— Раз тут есть бренди, — сказала она, — предлагаю тост. — Она чокнулась с его стаканом. — За твое здоровье.
Она осушила свой стакан до дна.
Он сделал глоток. Напиток показался ему очень приятным на вкус. От содержавшегося в нем алкоголя, на который она не поскупилась, по его телу разнеслось приятное расслабляющее тепло.
— Правда, вкусно? — спросила она.
— Вполне, — согласился он, скорее для того, чтобы сделать ей приятное. Сам-то он особых достоинств в этом напитке не видел: не пойми что — ни лекарство, ни выпивка.
— Допей все, иначе не поможет, — мягко, но настойчиво сказала она. — Видишь, как я.
Чтобы пощадить ее чувства и из уважения к затраченным трудам, он допил до дна.
После этого он неуверенно провел языком по нёбу.
— Какой-то странный привкус — ты не находишь? Вяжет немного.
Она взяла у него стакан.
— Это потому, что я туда молока добавила. Ты отвык от этого вкуса. Забыл, наверное, как тебе нравилось сосать грудь, когда ты был младенцем.

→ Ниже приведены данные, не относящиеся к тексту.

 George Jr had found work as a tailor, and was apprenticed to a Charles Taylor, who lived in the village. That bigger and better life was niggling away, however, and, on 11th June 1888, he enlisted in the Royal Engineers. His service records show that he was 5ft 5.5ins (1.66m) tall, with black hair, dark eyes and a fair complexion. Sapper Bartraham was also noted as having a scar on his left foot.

— Забыл, — подтвердил он с насмешливой серьезностью. — Ведь ты еще не давала мне возможности снова лицезреть эту сцену.
Они немного посмеялись тихим, доверительным смехом.

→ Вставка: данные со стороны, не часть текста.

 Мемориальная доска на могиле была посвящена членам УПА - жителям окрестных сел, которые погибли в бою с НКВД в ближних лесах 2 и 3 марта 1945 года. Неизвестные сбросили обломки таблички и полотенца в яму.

— Пойду сполосну стаканы, — сказала она, — а потом поднимемся наверх.
Сначала он спал крепко, а перед тем, как заснуть, не переставал чувствовать в желудке расслабляющее тепло тонизирующего напитка, хотя, в отличие от обыкновенной выпивки, он грел только желудок, не разносясь по всему телу. Но через час или два он проснулся в мучениях. Тепло перестало быть приятным, оно превратилось в обжигающее пламя. Сон уже не шел к нему — ему казалось, что у него внутри беспрерывно поворачивали острый огненный меч.

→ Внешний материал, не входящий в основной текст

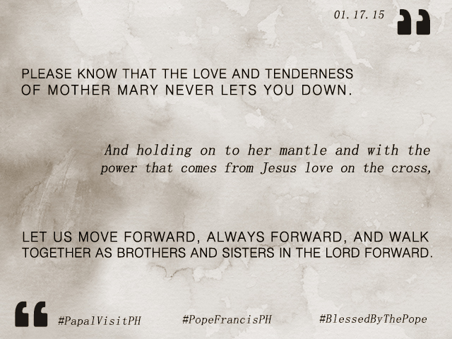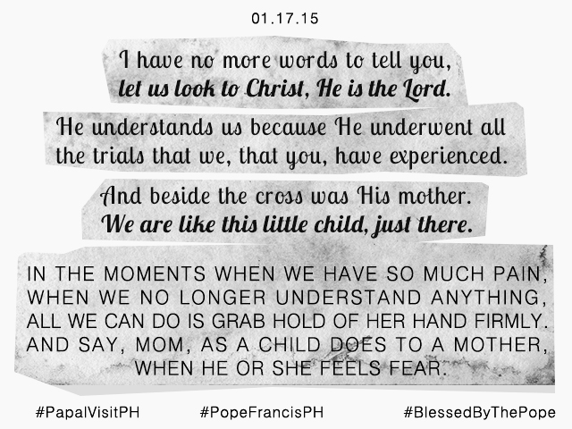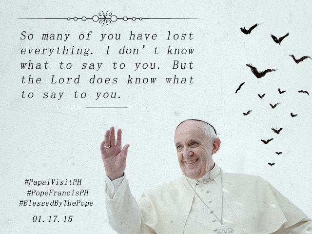 Pope Francis comforted victims of typhoon Yolanda in his homily at Daniel Romualdez International Airport in Leyte on Saturday morning. GMA News Online selected some of his most inspiring words and turned them into postcards below.

Оставшаяся часть ночи напоминала восхождение на Голгофу. Он не раз взывал к Бонни, но та была слишком далеко и не слышала. Наконец, отчаявшись, брошенный и беспомощный, он закусил губу и замолчал. Утром весь его подбородок был покрыт запекшейся кровью.
В дальнем углу комнаты, на огромном расстоянии от него, стоял стул с его одеждой. Стул из черного дерева с обитыми абрикосовым плюшем сиденьем и спинкой. Стул, на который он раньше никогда не обращал особого внимания, теперь сделавшийся символом.
Символом неизмеримого расстояния от болезни до здоровья, от беспомощности до дееспособности, от смерти до жизни.
В дальнем углу, на огромном расстоянии.